Let’s pretend you’re standing before a judge. You’ve killed someone. The exact circumstances don’t matter for this example. To give perfect justice would put you behind bars for the rest of your life. Some states still have the death penalty.
I’ve also heard it said, “Justice is wonderful when given to someone else.” We, of course, don’t want justice when we’re the ones in the wrong. So we don’t want justice in the above example.
Let’s change that example. You’re in a courtroom, watching the judge pass sentence on the person who killed someone you love. Perfect mercy would demand they be released without punishment. Do you want perfect mercy?
Perfect justice demands punishment for crimes. Perfect mercy demands absolution. In God we get both.
Back in the Old Testament, when Adam and Eve were given animal skins to cover themselves, God implemented a system of substitutional sacrifice. The animals paid the price to cover sin.
The sin was pride, in that Adam and Eve ate the forbidden fruit so they could be like God. They even tried to cover themselves with fig leaves. It didn’t work. God provided the covering, even back then.

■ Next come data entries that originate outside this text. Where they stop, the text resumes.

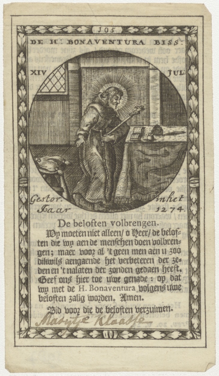 H. Bonaventura, gebed, Marijtje Klaasse, kz. levensb...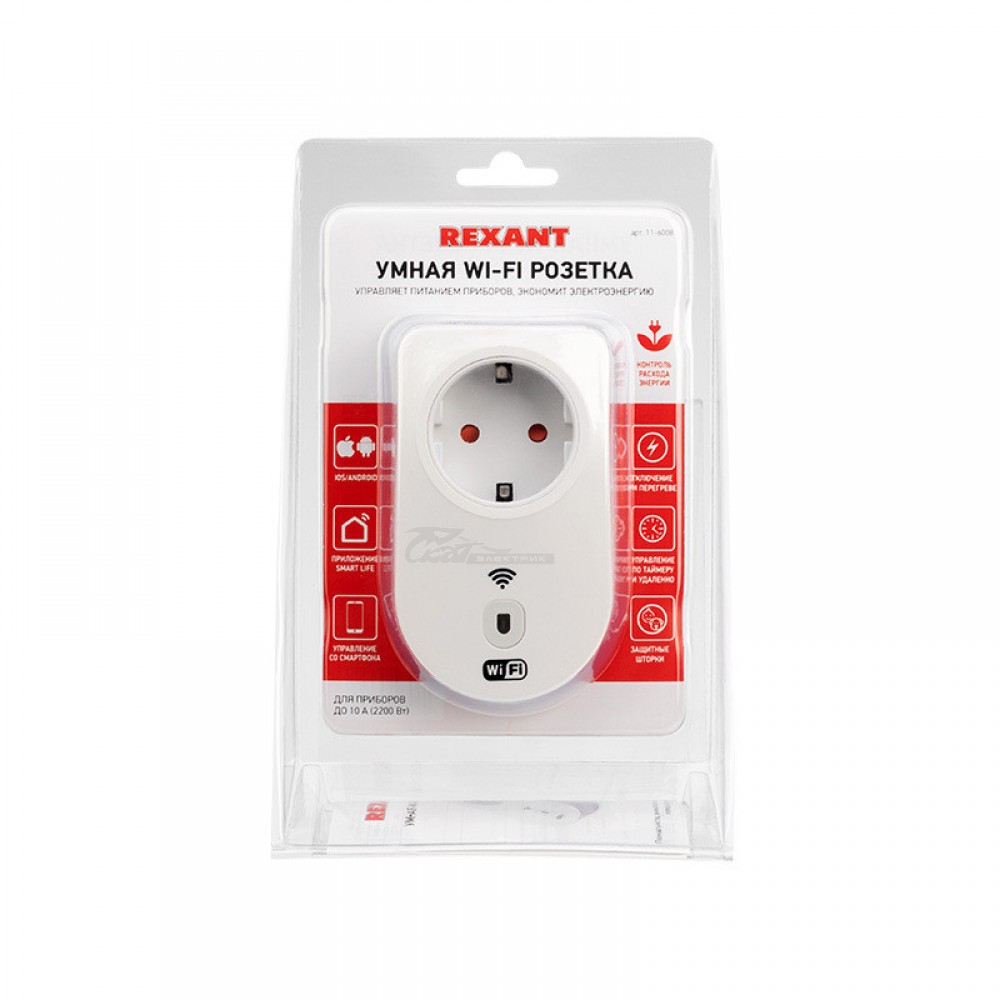 Розетка Wi-Fi 10А SmartLife(TuyaAPP), контроль потребления REXANT
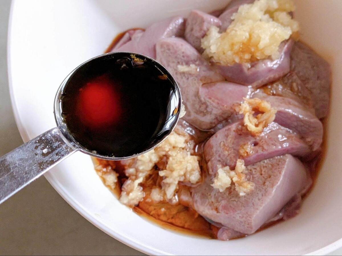 ①に【レバー下味と衣】の醤油、 にんにく、生姜、オイスターソース、酒、ゴマ油を加え、軽く揉みこみます。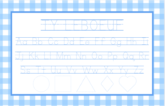 Laminated placemats are 12x18 inches and come double-sided! The reverse side can be a different design entirely or a coordinating back design (as pictured) with tracing lines for name, alphabet, shapes, and numbers or any combination of these! Leave the reverse side design choice and any other necessary information or selections in the "additional comments" section on the checkout page!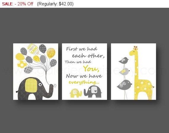 Nursery art print baby nursery decor Kids art yellow gray elephant giraffe bird First we had each other Set of three prints by GalerieAnais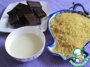 Приготовить продукты: шоколад, молоко сгущенное, вермишель мелкая "Паутинка."

Generations passed, and the sacrifices were codified into law. “These sacrifices for those things on such days.” I won’t go into that. It’s very complex. But each and every sacrifice was simply to cover the sin, not to eliminate it.

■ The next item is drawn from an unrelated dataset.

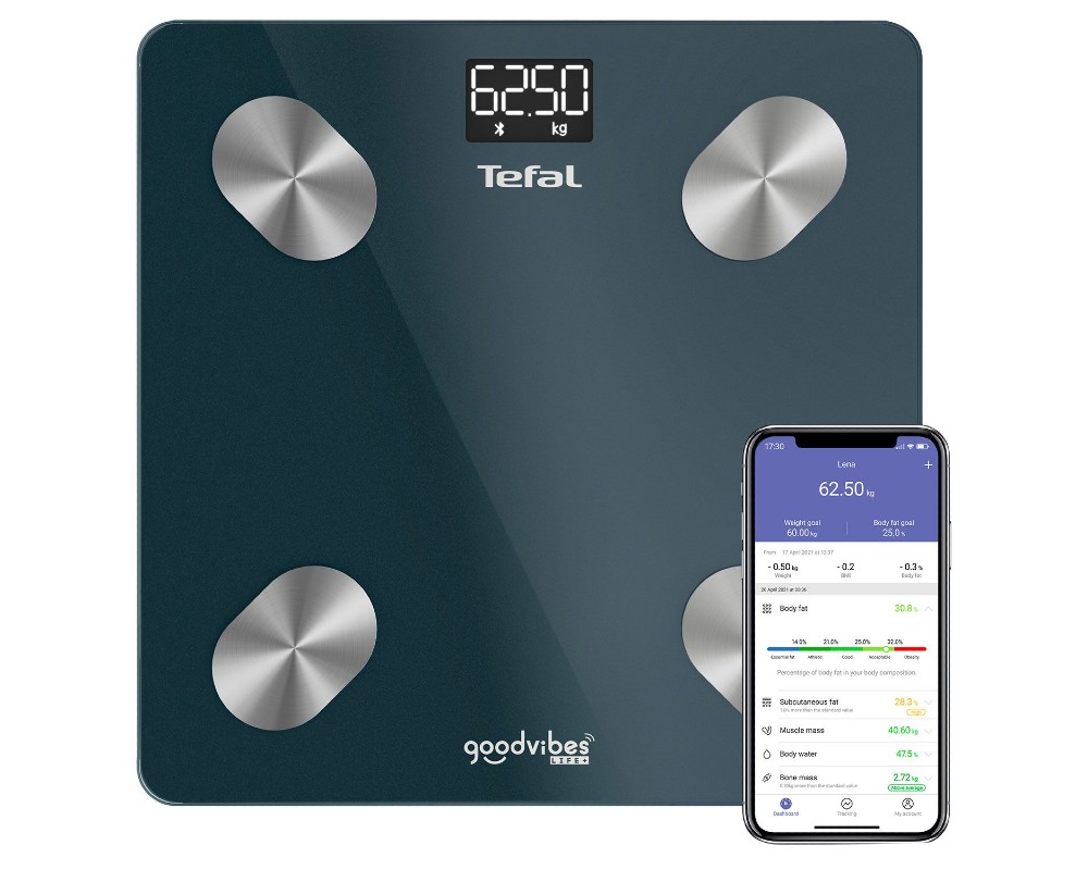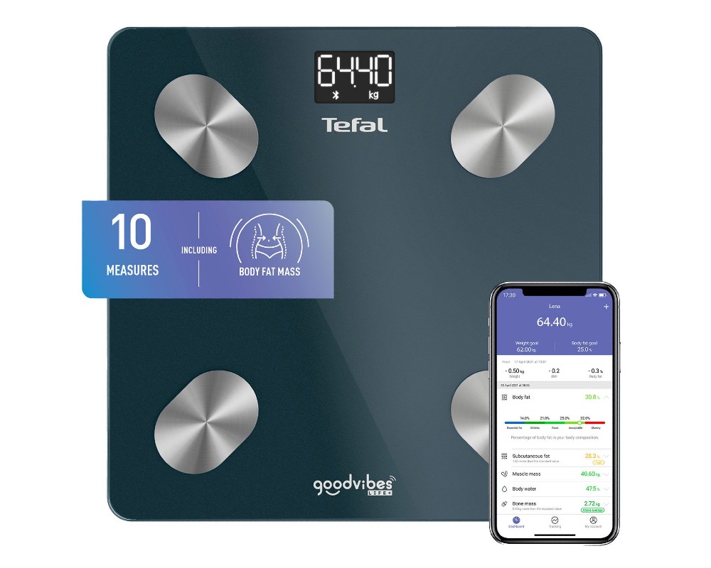 - Μπορείς να βλέπεις εύκολα την πρόοδό σου χάρη στους ευανάγνωστους πίνακες που είναι διαθέσιμοι στη δωρεάν εφαρμογή για το κινητό. Συνδέσου με Bluetooth όρισε τους στόχους σου για το σωματικό βάρος και λίπος, και θα σε βοηθήσει να επιτεύξεις θετικά αποτελέσματα.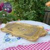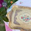 Khay gỗ Florence tay chìa xám vẽ hoa.

Perfect justice demands payment. God said that Adam and Eve would surely die if they ate the forbidden fruit. After sin entered the world, we couldn’t help but to put ourselves in God’s place, determining what’s good and what’s evil. And the wages of that sin is death.

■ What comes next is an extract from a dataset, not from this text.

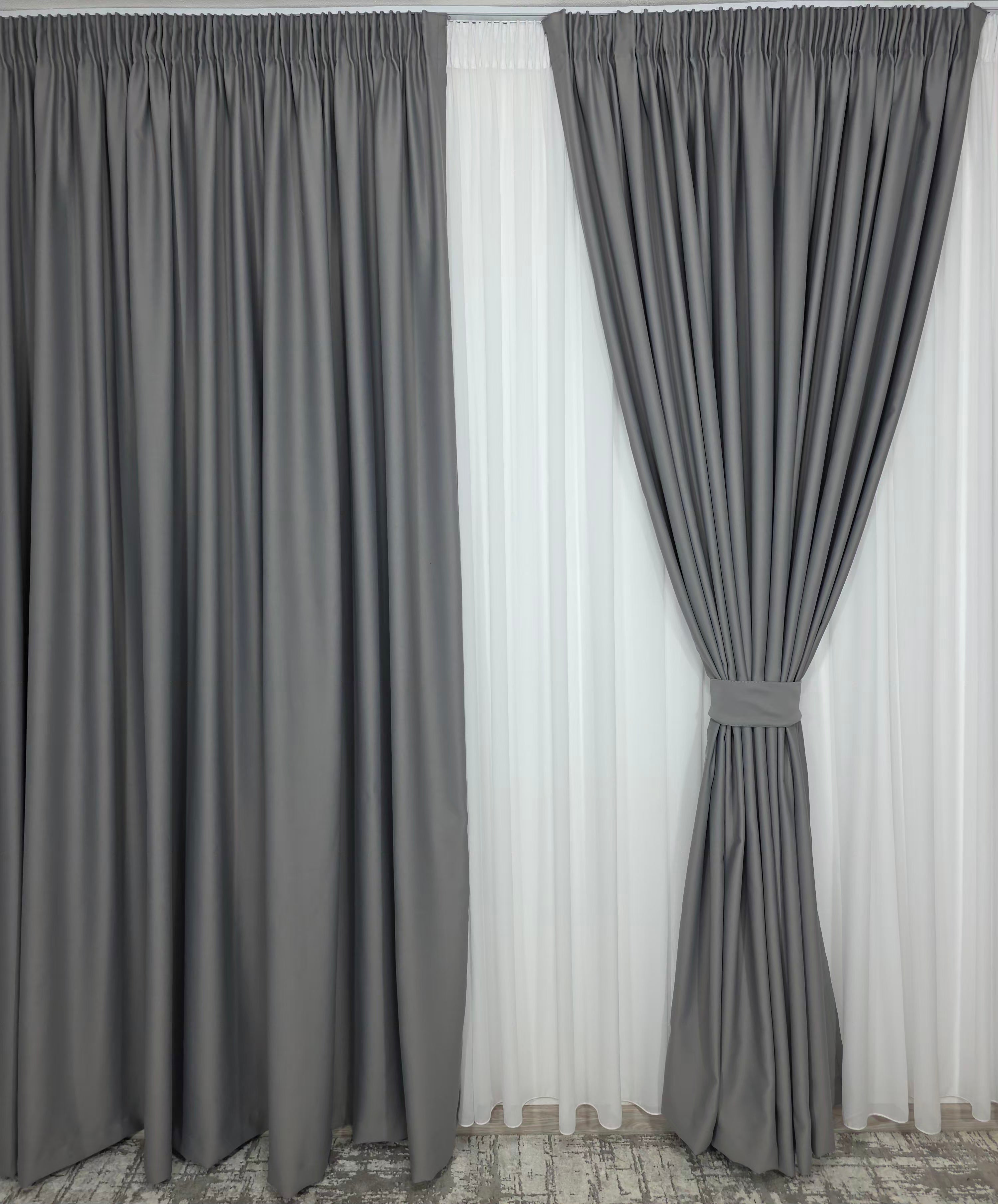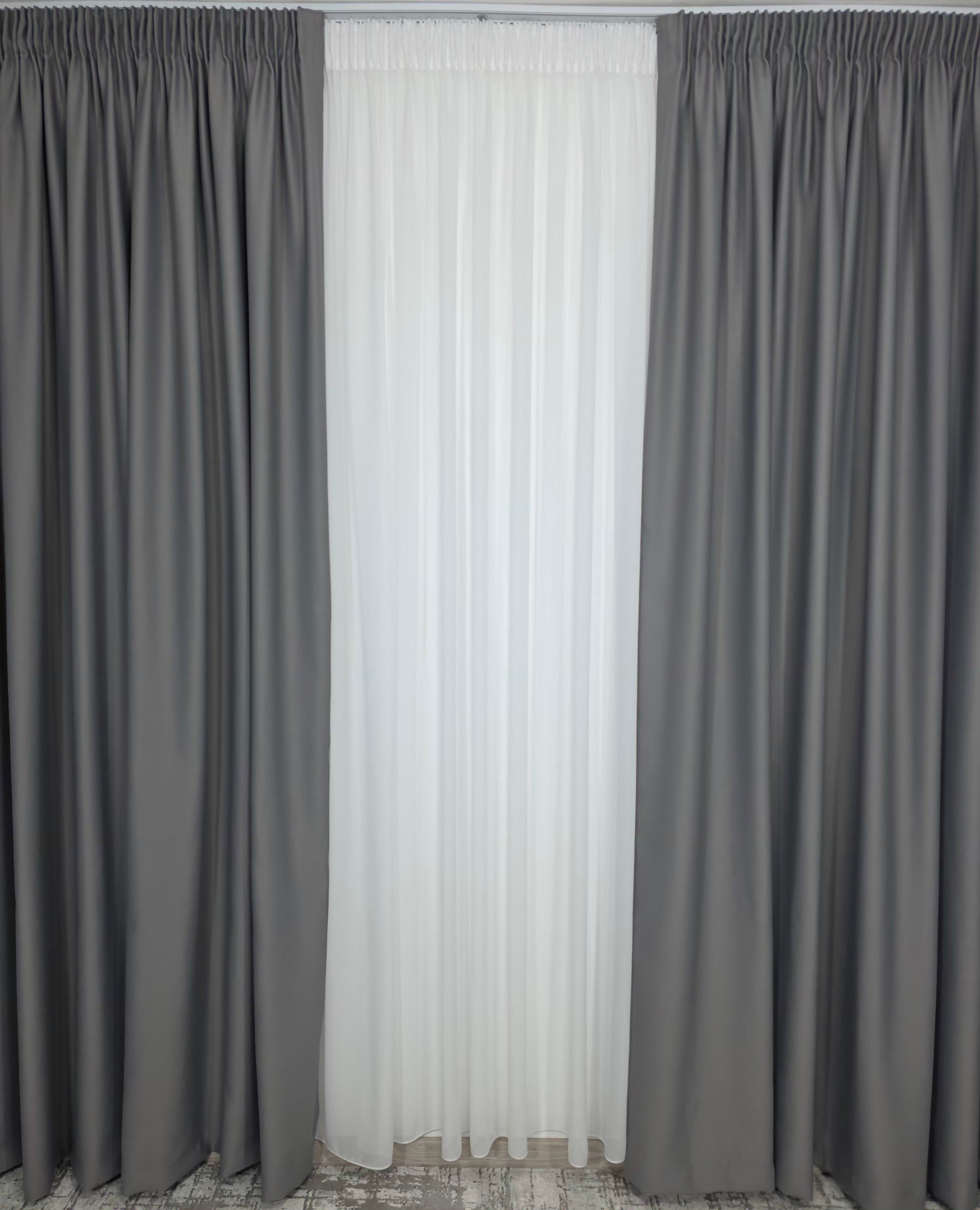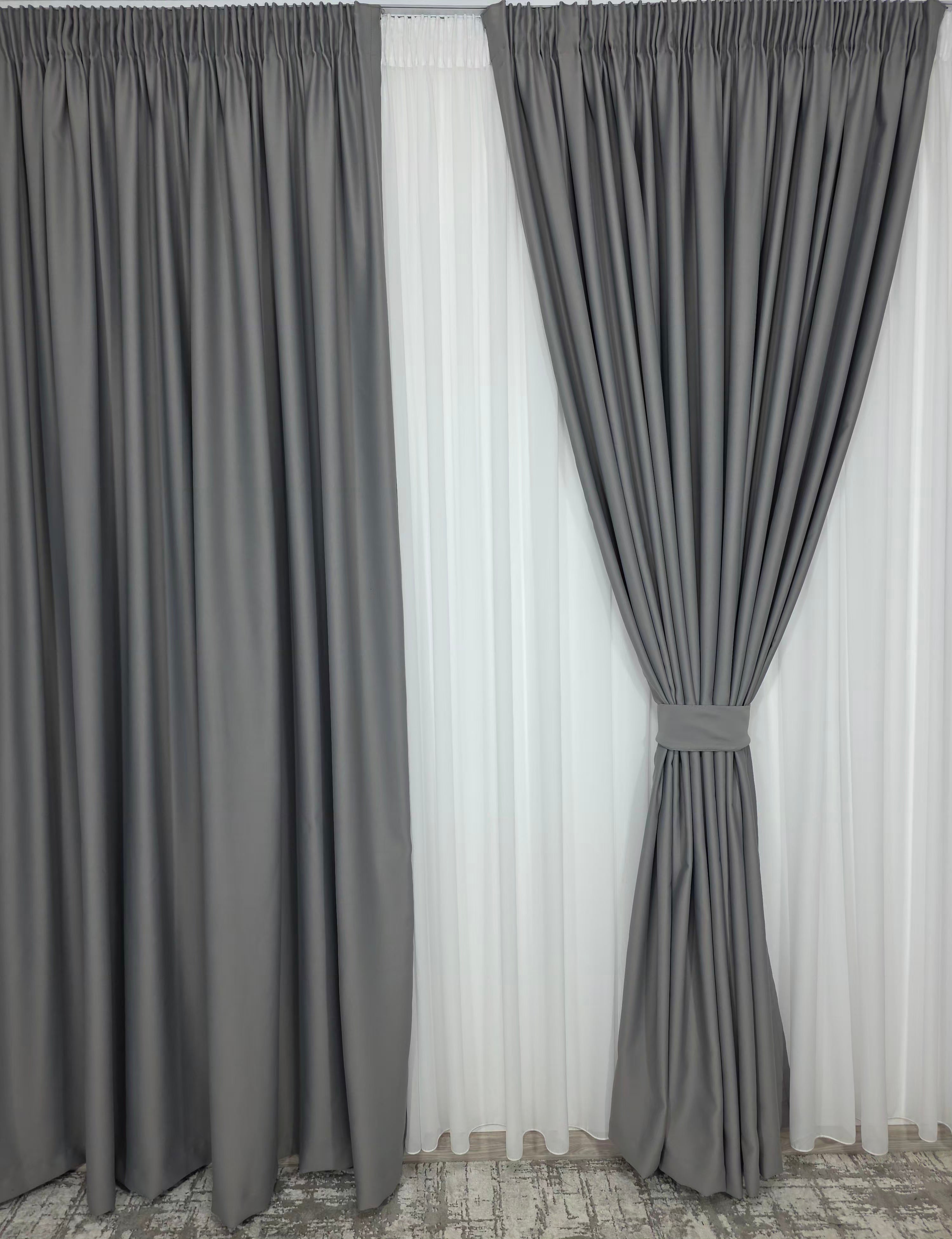 Set Perdea din Voal Alb & Draperie Simplă Gri Cenușiu Blackout 98% – Luminozitate Pură și Control Total al Luminii

Perfect justice demands we all die.
Along comes Jesus.
Using the substitutional model put in place by God, someone else could pay the price for our sins. In order to pay that full price, not just cover up, that sacrifice had to be perfect. Jesus lived the perfect life, exactly as God wants US to live.
He died the way we deserve (perfect justice) so we can live the life He deserved (perfect mercy).
And that’s all possible by His perfect grace.